**Information supplied**
• • • •

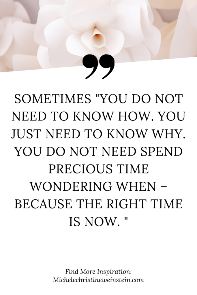 And that’s just it, as Megan says below…sometimes “you do not need to know how. You just need to know why. You do not need spend precious time wondering when – because the right time is NOW. “
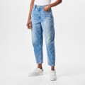 Discover the Polo Ralph Lauren mom jeans, featuring a tapered fit for a modern silhouette. These jeans come with a zip fly and button closure, ensuring a secure fit. The design is enhanced with a logo and logo patch, adding a touch of brand identity. The classic five-pocket style offers practicality and timeless appeal. -
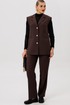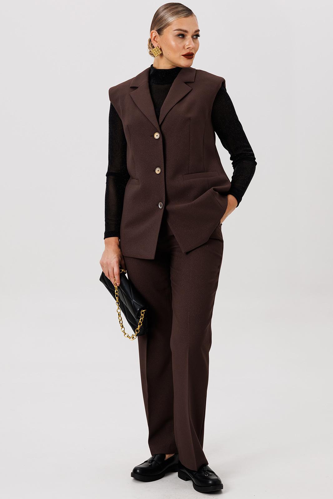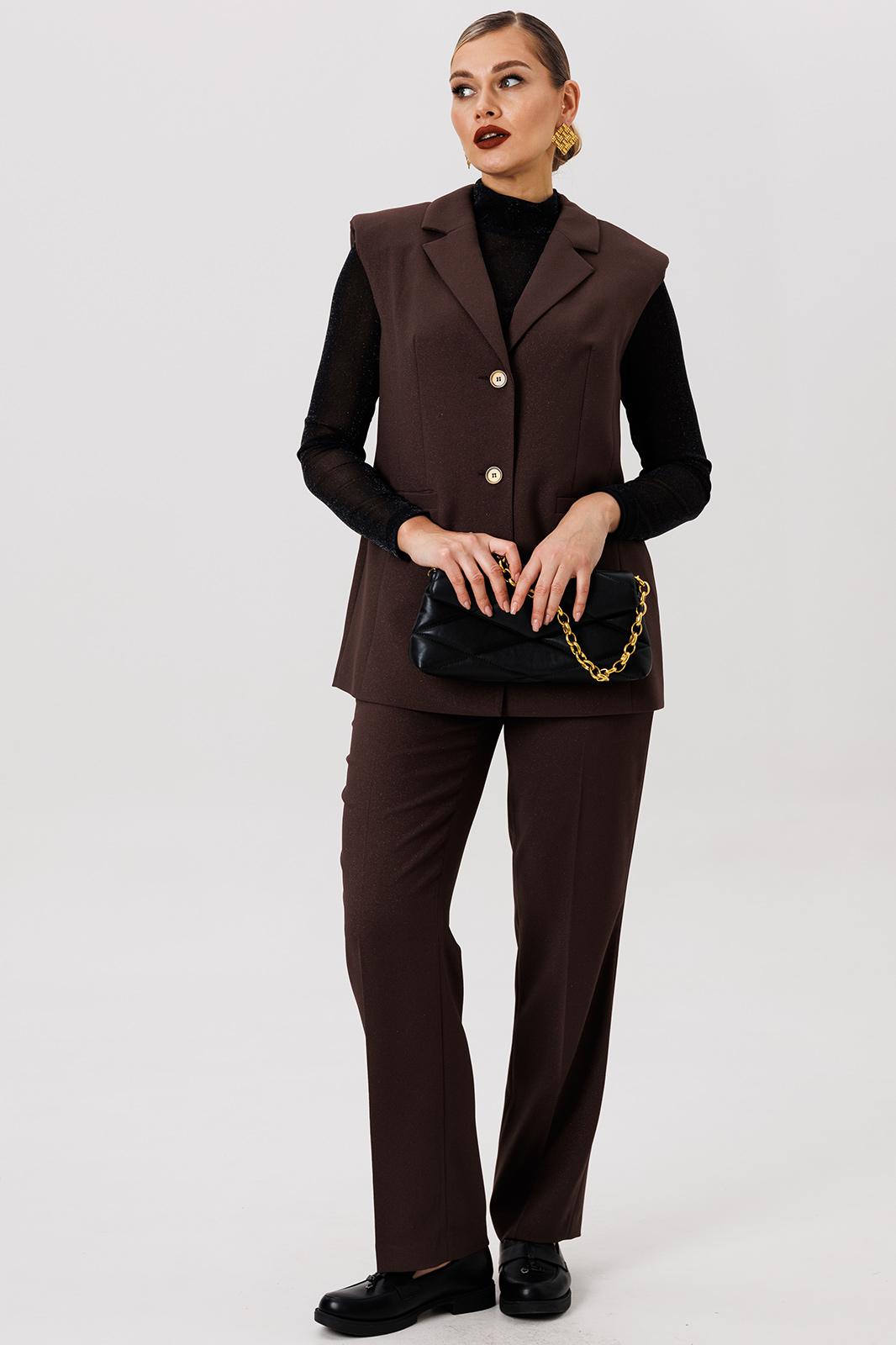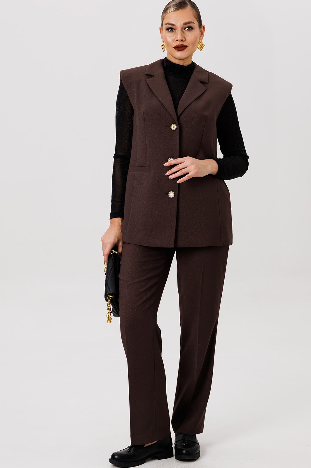 Полуприлегающий удлинённый жилет и прямые брюки отлично подчёркивают фигуру, а слегка расширенные плечи жилета придают дополнительную изюминку образу.
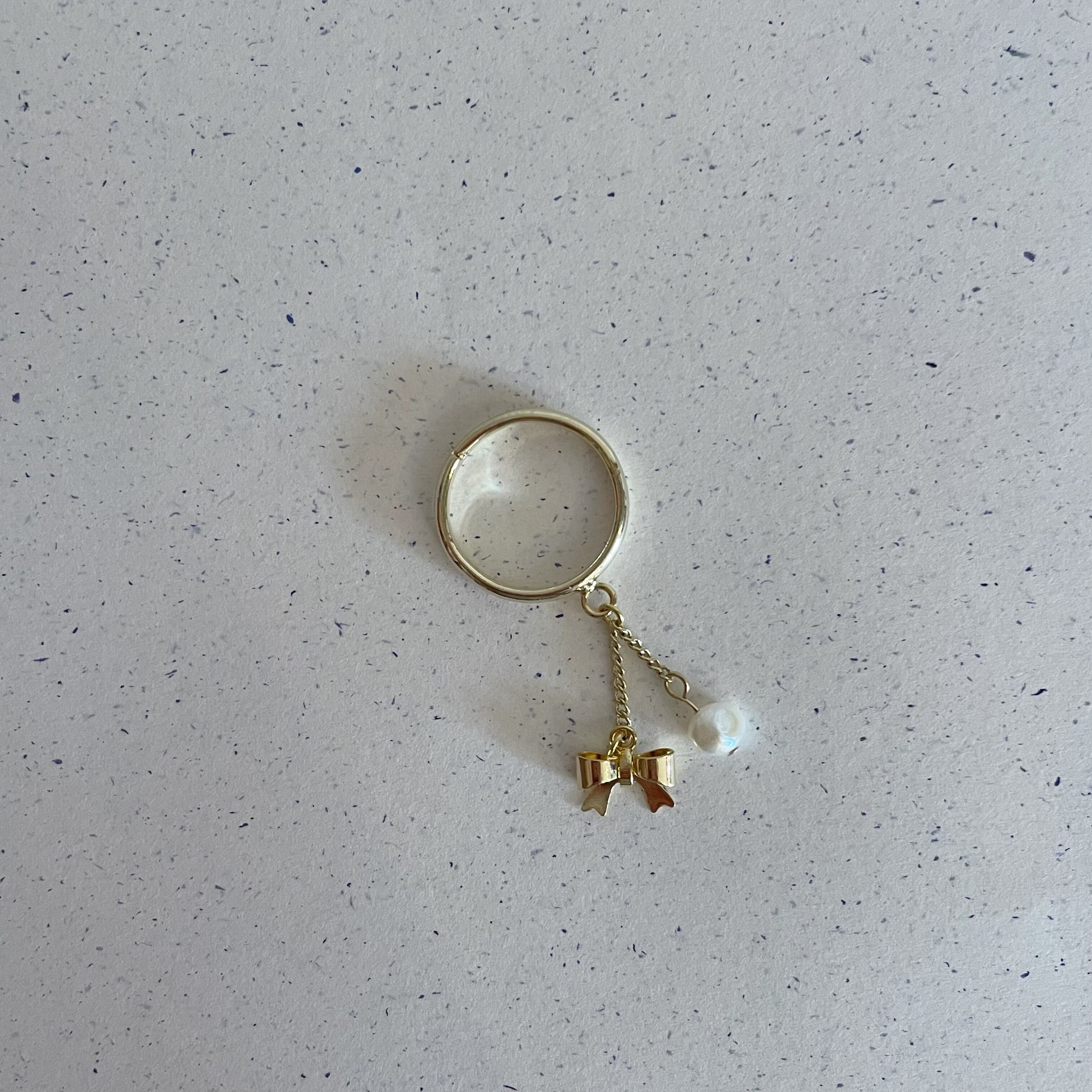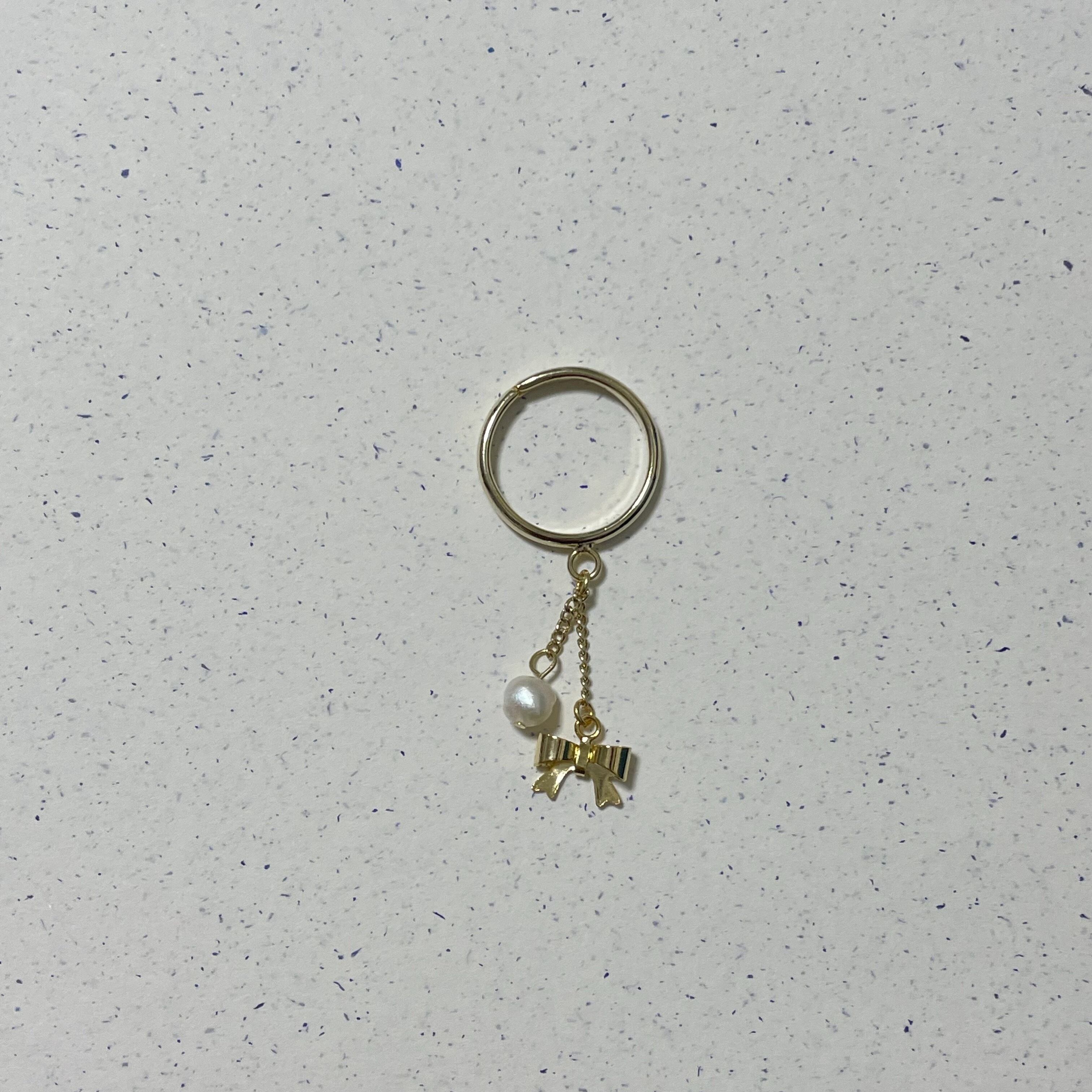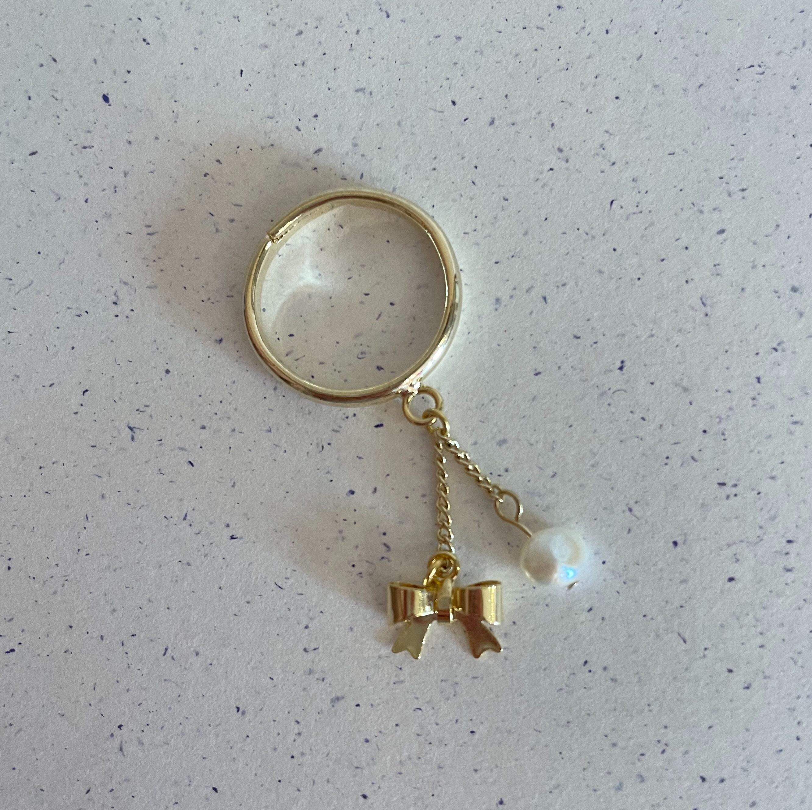 ゴールドリボン&淡水パールリング

• • • •

**Work item**
Copy all of the data word for word, and keep the pictures out of it.

**Reply**
 And that’s just it, as Megan says below…sometimes “you do not need to know how. You just need to know why. You do not need spend precious time wondering when – because the right time is NOW. “
 Discover the Polo Ralph Lauren mom jeans, featuring a tapered fit for a modern silhouette. These jeans come with a zip fly and button closure, ensuring a secure fit. The design is enhanced with a logo and logo patch, adding a touch of brand identity. The classic five-pocket style offers practicality and timeless appeal. -
 Полуприлегающий удлинённый жилет и прямые брюки отлично подчёркивают фигуру, а слегка расширенные плечи жилета придают дополнительную изюминку образу.
 ゴールドリボン&淡水パールリング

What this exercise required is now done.